RECORD EXCERPTS:
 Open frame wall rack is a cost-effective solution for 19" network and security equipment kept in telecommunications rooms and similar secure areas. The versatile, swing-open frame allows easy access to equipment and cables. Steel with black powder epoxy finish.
* * *
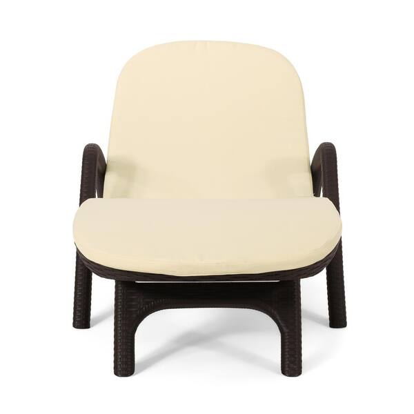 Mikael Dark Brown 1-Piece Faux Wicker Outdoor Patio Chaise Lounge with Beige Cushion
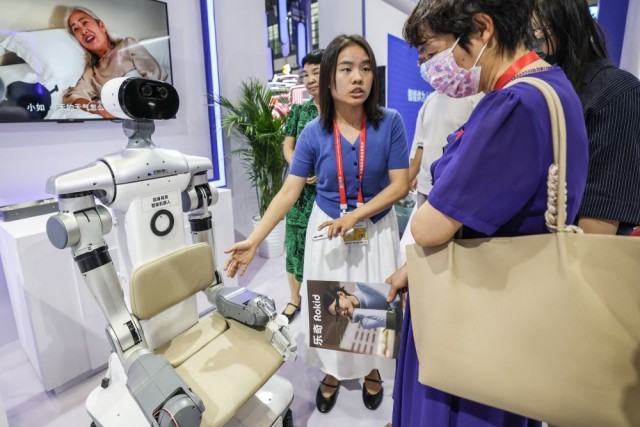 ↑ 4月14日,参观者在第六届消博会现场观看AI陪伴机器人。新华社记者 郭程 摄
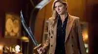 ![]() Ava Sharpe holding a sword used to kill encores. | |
==
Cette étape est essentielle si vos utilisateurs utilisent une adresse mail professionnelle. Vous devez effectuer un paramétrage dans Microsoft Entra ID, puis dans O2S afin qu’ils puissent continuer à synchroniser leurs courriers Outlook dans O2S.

WHAT NEEDS TO BE DONE:
Your answer must be everything above from the line with "Mikael Dark Brown" down to the line with "encores. | |", word for word, and no pictures.

REPLY TO THE TASK:
 Mikael Dark Brown 1-Piece Faux Wicker Outdoor Patio Chaise Lounge with Beige Cushion
 ↑ 4月14日,参观者在第六届消博会现场观看AI陪伴机器人。新华社记者 郭程 摄
 ![]() Ava Sharpe holding a sword used to kill encores. | |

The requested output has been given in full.